You sound like an INFP to me. I just don't see Ti as a strong function based on what you have written, and you present more gentleness than a devil-may-care attitude, which suggests INFP over INTP... It's hard for me to put into words, but types have certain "flavors" to them in my experience, and you don't strike me as having that INTP flavor, whatever it may be called.

Remember that types will never perfectly describe an individual. I relate to traits of INFP, INTJ, INTP and INFJ but obviously I'm not an INxx, functionally that wouldn't make much sense. Looking at cognitive functions can help narrow down your type - INTP and INFP share Ne and Si, but Ti and Fi are distinct if you examine them separately. I will say that INTPs and INFPs both are often interested in social justice, but INTPs approach this from Ti+Fe and INFPs from Fi+Te. This thread might be helpful.


----------



## LiquidLight (Oct 14, 2011)

Yea some sort of strong Fi-type. My guess is INFP, but I suppose a case could be made for ISFP, but I don't get the sense of much Ni from you (but I also don't see a lot of Si either). 
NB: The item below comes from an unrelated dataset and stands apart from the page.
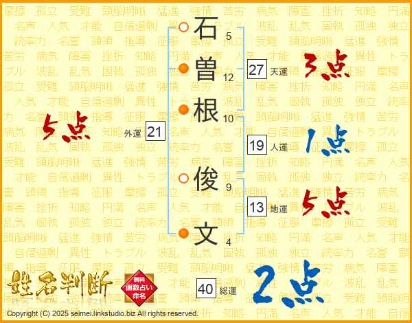 石(5画)曽(12画)根(10画) 俊(9画)文(4画)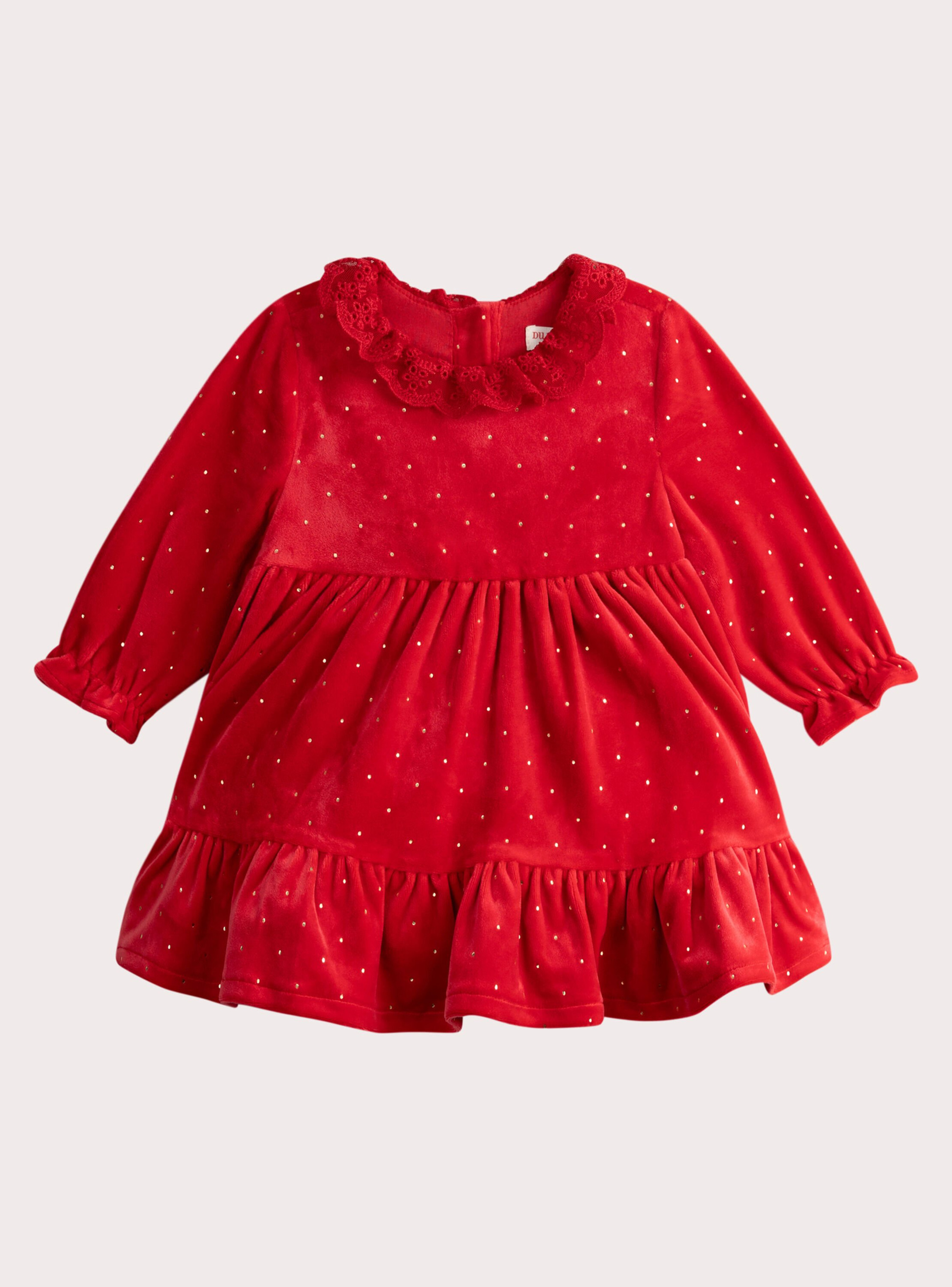 Conçue pour envelopper bébé d’un confort soyeux, cette robe séduit par son velours riche et sa teinte rouge intense qui capte la lumière. Sa coupe simple et raffinée assure une liberté de mouvement idéale pour les premiers pas et les jeux, tout en apportant une allure chic et festive.

I do sense a bit of Inferior Te though and like the above poster said almost no Ti. There's a few places where it looks like you might have some Fe (like obsessing over what people think of you when you go out), but my guess is since that only manifests when you are under stress or uncomfortable its probably 'shadow Fe.' 

I'm always so hesitant to declare INFP (or INTP) simply because those are among the most chronically mistyped types out there and so much of what drives the INTP/INFP phenomenon is misinformation or temperament stereotypes. Also a dominant feeling type shouldn't really ever be confused for a dominant thinking type (or vice versa - for some reason only INFP/INTPs seem to think this - you never really hear about say an ESTJ confusing themselves for an ESFJ). 

That being said with you strong Fi type seems most likely. I really do not think you are an Introverted Thinking type, at least not from anything you've written, and I didn't get a sense of much Ni from you which would seem to rule out INFJ as well (though keep in mind many times when someone claims to be a INxP they are really INFJ or even ISFJ sometimes - only types that have thinking/feeling as the middle two functions would really have true parity in terms of results).


----------



## soya (Jun 29, 2010)

LiquidLight said:


> I'm always so hesitant to declare INFP (or INTP) simply because those are among the most chronically mistyped types out there and so much of what drives the INTP/INFP phenomenon is misinformation or temperament stereotypes. Also a dominant feeling type shouldn't really ever be confused for a dominant thinking type (or vice versa - for some reason only INFP/INTPs seem to think this - you never really hear about say an ESTJ confusing themselves for an ESFJ).
> 
> That being said with you strong Fi type seems most likely. I really do not think you are an Introverted Thinking type, at least not from anything you've written, and I didn't get a sense of much Ni from you which would seem to rule out INFJ as well (though keep in mind many times when someone claims to be a INxP they are really INFJ or even ISFJ sometimes - only types that have thinking/feeling as the middle two functions would really have true parity in terms of results).


One of the best stereotypes = "you're on the internet, so you must be an INxx". Sometimes true, but not often enough to make a rule out of it.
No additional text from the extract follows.